Corometrics 506 Medical Monitor
 Teardown of a medical device from 1981

A product that I helped to design

By Dave Erickson

Schematics

qual1

Intro: HP Medical Roots

In this continuing series of buying old products that I developed on Ebay and tearing them down, here is a medical monitor from 1980. It's the Corometrics 506 Neonatal medical monitor.

I was at Hewlett Packard Medical in Waltham, my first real job after college. HP is known as one of the top technology companies in the world. In the early 60s, HP bought Sanborn Co. in Waltham, MA in order to get into the medical device business. Sanborn produced electrocardiographs and other test and measurement instruments used in hospitals. HP also bought a Defibrillator company in Corvallis OR and another medical division in Boebligen Germany.  HP Medical was one of the top medical monitoring companies. They had mini-computer based arythmia, defibrillators, were working on the first pulse-oximetry, and were working on their first phased-array medical ultrasound.  The ultrasound group spun off to a new facility in Andover, and ultimately all of Waltham moved to Andover. Then when HP decided it was a computer company and not an instrument company, it sold the medical product line to Phillips Medical.

I was hired in the summer of '76 to work on a new generation hospital central station, the HP75800 series, code named "Speakeasy". This was a multi-patient central-station system that displays multiple patient waveforms from patient monitors throughout the ICU. The project was very successful. I left after only 2 years though. I worked in the Display group. We developed the first system that could display diagnostic quality waveforms on a high resolution raster (TV type) monitor. Our group developed everything from the ECG waveform data to the display monitor. I was the video guy. I designed the video D/A, sync, and video amplifier, and worked on display monitor circuits such as the horizontal and vertical sweep circuits and the high voltage. In 2 years our group went from a hand-wired prototype of the new patented display technology to five production-ready systems including all environmental and regulatory testing. It was my first of many times doing EMC testing.

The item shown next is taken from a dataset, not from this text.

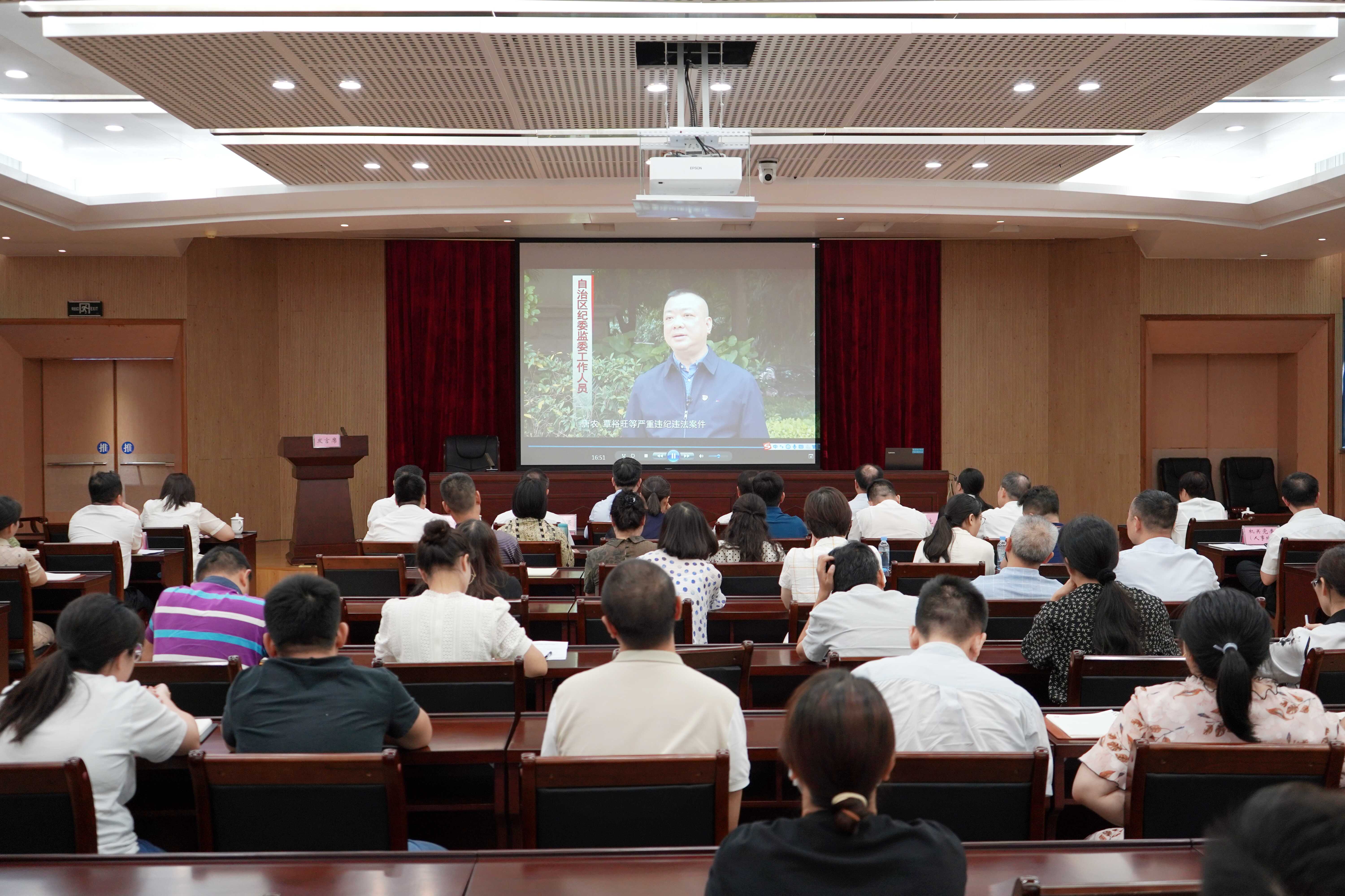 全局党员干部在会上集中观看了相关警示教育片,以部分领导干部利用职权贪污腐败,走向堕落腐化的惨痛教训,深刻剖析了部分党员领导干部理想信念崩塌、忘记初心使命、无视法纪、大肆敛财,最终走上犯罪道路的思想根源。通过观看警示教育片,全体党员干部从中吸取教训,警钟长鸣、严以修身,自觉强化党性修养,不断提高拒腐防变能力,永葆共产党人清正廉洁的政治本色。

Here is the November 1980  HP Journal issue that features this system.

HP Journal Cover

I was proud of the work that our group had done. In the summer of '78, while our group had met our schedule and had production-ready hardware, the software group was still deciding which language to write the system software in. Recognizing that this project was destined to continue for a few years and that the hardware was done, I asked my boss at the time what he saw me doing for the next say, 6 months. His response: "Well Dave, I want you to make sure that the bill of materials is really correct". If I really dragged my feet, that mindless task could possibly take one day. I was looking at at least a year of little or nothing to do. I had already designed plenty of home projects (G-Jobs) and at 24 years old, needed real EE work. On top of that, the only feedback that I received in my first 2 years of employment was one negative review. Apparently being the only group that met all of our goals wasn't important.

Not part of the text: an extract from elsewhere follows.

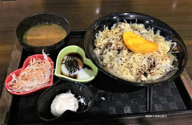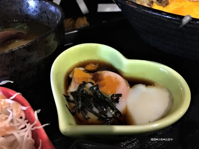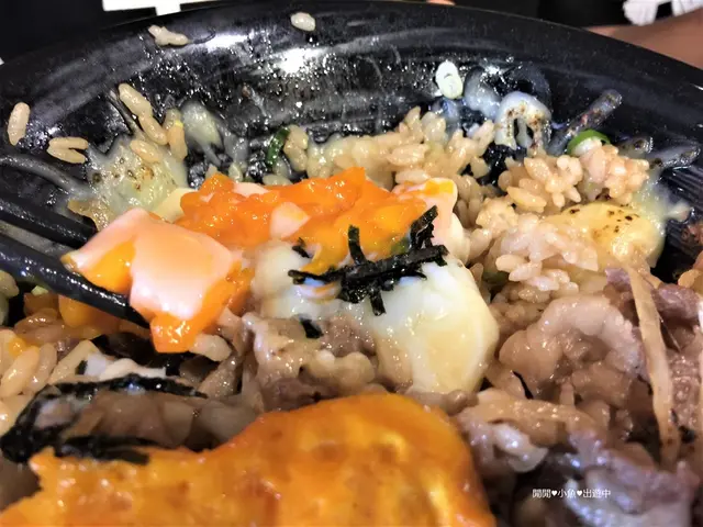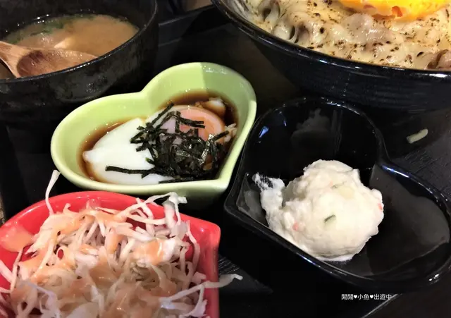 加了溫泉蛋的丼飯, 多了滑嫩骨溜的口感, 感覺美味度又更升級了呢!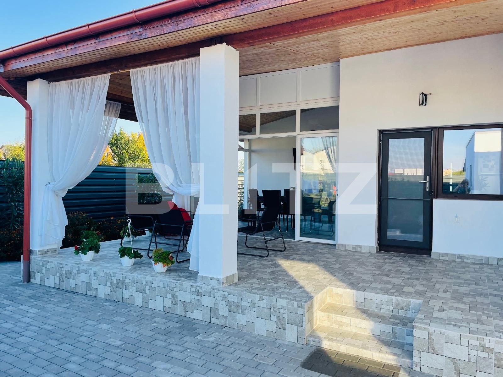 Casa se vinde la cheie, complet mobilată și utilată cu mașină de spălat, uscător de rufe, mașină de spălat vase, aer condiționat Gree 18000 BTU, sistem wi-fi 3 zone, televizoare generație nouă cu diagonala de 165 cm.

Meanwhile I had watched another HP hardware team, the 'front-end' group, developing advanced new patient monitoring technologies that were destined to go nowhere. The managers and product planners spent nearly 3 years in closed meetings, unsuccessfully trying to define the next generation of CPU based patient monitors. Meanwhile our competing German division developed the next generation patient monitors.  I felt that the Waltham patient monitoring division was mis-managed at that time, and was shocked at how many engineering person-years were squandered. In summer1978 it was time for me to leave HP. In '78 to '79, a dozen other talented engineers also left for similar reasons. People went to Analogic to develop patient monitors for Siemens, to Corometrics and to other medical device companies. Not only did HP Medical lose a lot of key talent, but they wound up spawning several of their own major competitors.

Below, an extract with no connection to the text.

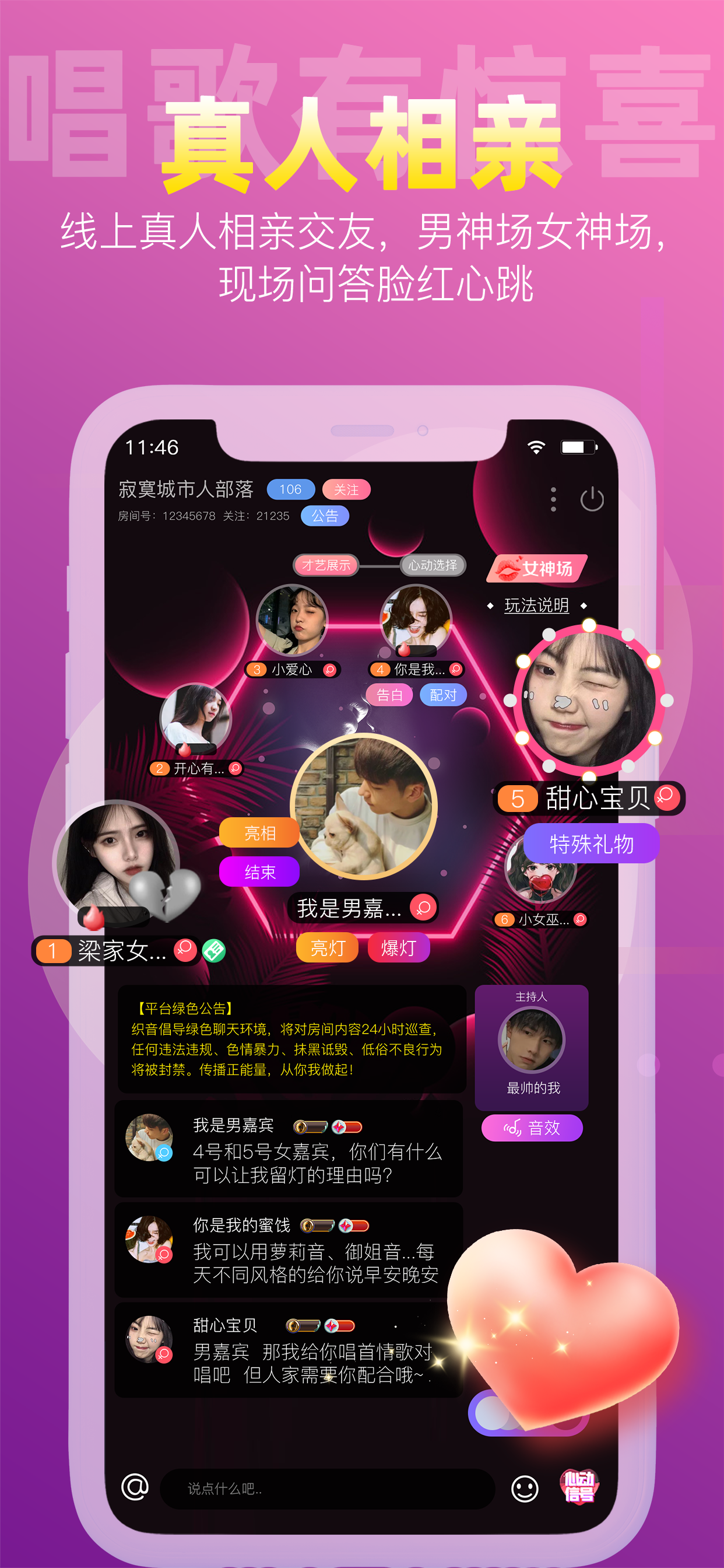 【真人相亲】线上真人相亲交友,男神场女神场,现场问答脸红心跳;

In HP Medical's defense, they finally finished Speakeasy and were busy creating the ultrasound group, and developing the first phased-array ultrasound. This product was to become wildly successful. They closed Waltham and moved it to Andover. And got their act together.

I learned a lot about managing by watching HP and other companies mess it up. There were plenty of examples of this in the 70s and 80s. Remember Digital? Data General?

Octek

I went from HP to Octek in 1978, a small startup in Burlington, to be employee #3. The founders were John and Arthur. Arthur was another HP Medical refugee, and John was formerly a consultant at Arthur D. Little in Cambridge. Octek did consulting and product design for other companies, to support their product development: The Octek 2000, a video frame grabber for the Data General Nova. I loved the projects I worked on. Each project was typically a few months long and every one was different. I learned to write proposals, to quote and develop products quickly and efficiently. I developed about 10 products in the 3 years I was at Octek. Mostly analog and digital design with some microprocessor code. I designed floppy and hard disc testers for BASF, a Colorimeter, a data terminal for a credit card printer for Dymo, a video measurement system for cell biology, a switching power supply and others.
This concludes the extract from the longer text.